• THE TASK: Starting at the line that contains "Coarse Pottery Travel" and stopping at the line that contains "In considerazione dell’emergenza", transcribe every line of the material below exactly; pictures stay out.

• EXTRACTED INFORMATION:
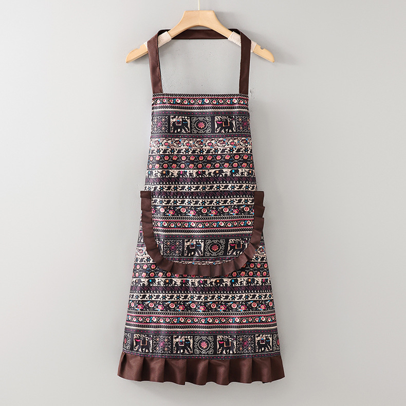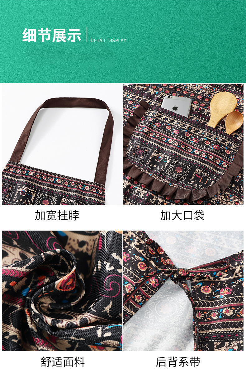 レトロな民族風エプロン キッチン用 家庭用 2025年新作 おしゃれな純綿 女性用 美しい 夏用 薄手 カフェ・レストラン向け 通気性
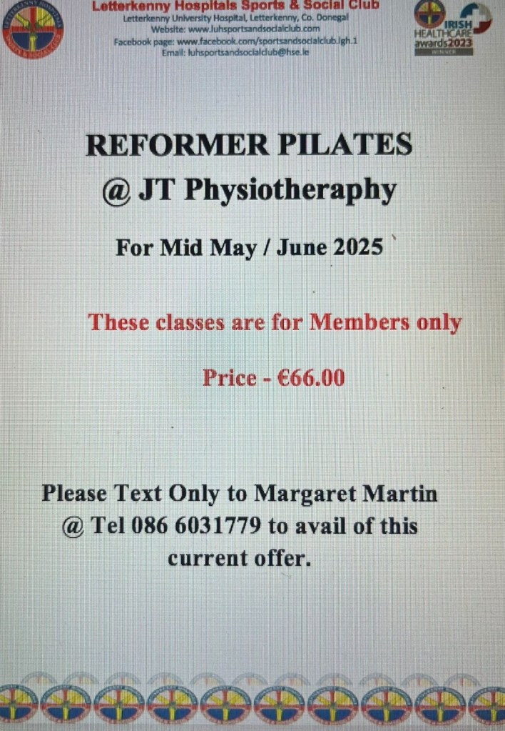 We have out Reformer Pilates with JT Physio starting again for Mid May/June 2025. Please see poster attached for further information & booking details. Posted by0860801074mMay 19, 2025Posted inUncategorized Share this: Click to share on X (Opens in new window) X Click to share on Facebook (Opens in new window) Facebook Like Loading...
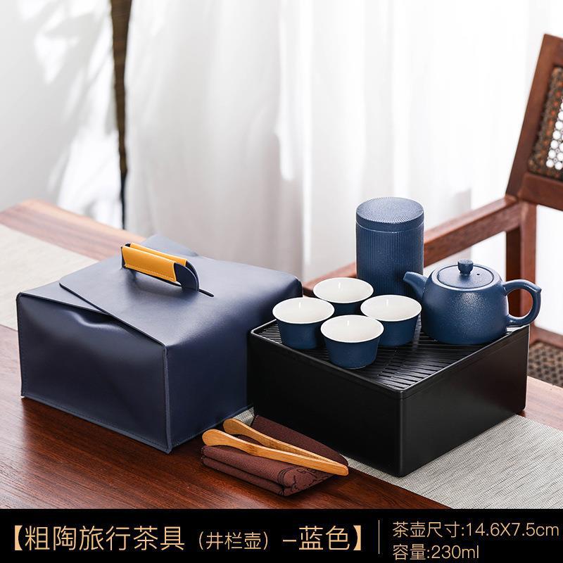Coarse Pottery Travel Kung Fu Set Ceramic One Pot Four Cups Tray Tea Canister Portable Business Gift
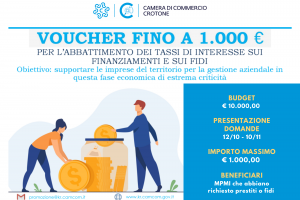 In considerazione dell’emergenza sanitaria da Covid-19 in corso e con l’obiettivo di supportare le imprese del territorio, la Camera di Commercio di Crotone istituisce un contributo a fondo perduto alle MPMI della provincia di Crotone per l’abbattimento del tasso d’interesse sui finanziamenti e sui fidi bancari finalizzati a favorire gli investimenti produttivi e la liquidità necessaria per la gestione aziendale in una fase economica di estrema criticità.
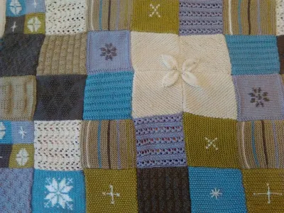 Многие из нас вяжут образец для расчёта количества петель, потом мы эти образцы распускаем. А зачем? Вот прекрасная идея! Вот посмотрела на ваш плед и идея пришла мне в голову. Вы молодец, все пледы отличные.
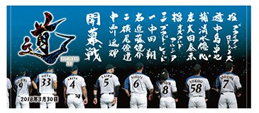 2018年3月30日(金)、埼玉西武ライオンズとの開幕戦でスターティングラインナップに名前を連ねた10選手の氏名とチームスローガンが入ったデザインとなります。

• EXPECTED ANSWER:
Coarse Pottery Travel Kung Fu Set Ceramic One Pot Four Cups Tray Tea Canister Portable Business Gift
 In considerazione dell’emergenza sanitaria da Covid-19 in corso e con l’obiettivo di supportare le imprese del territorio, la Camera di Commercio di Crotone istituisce un contributo a fondo perduto alle MPMI della provincia di Crotone per l’abbattimento del tasso d’interesse sui finanziamenti e sui fidi bancari finalizzati a favorire gli investimenti produttivi e la liquidità necessaria per la gestione aziendale in una fase economica di estrema criticità.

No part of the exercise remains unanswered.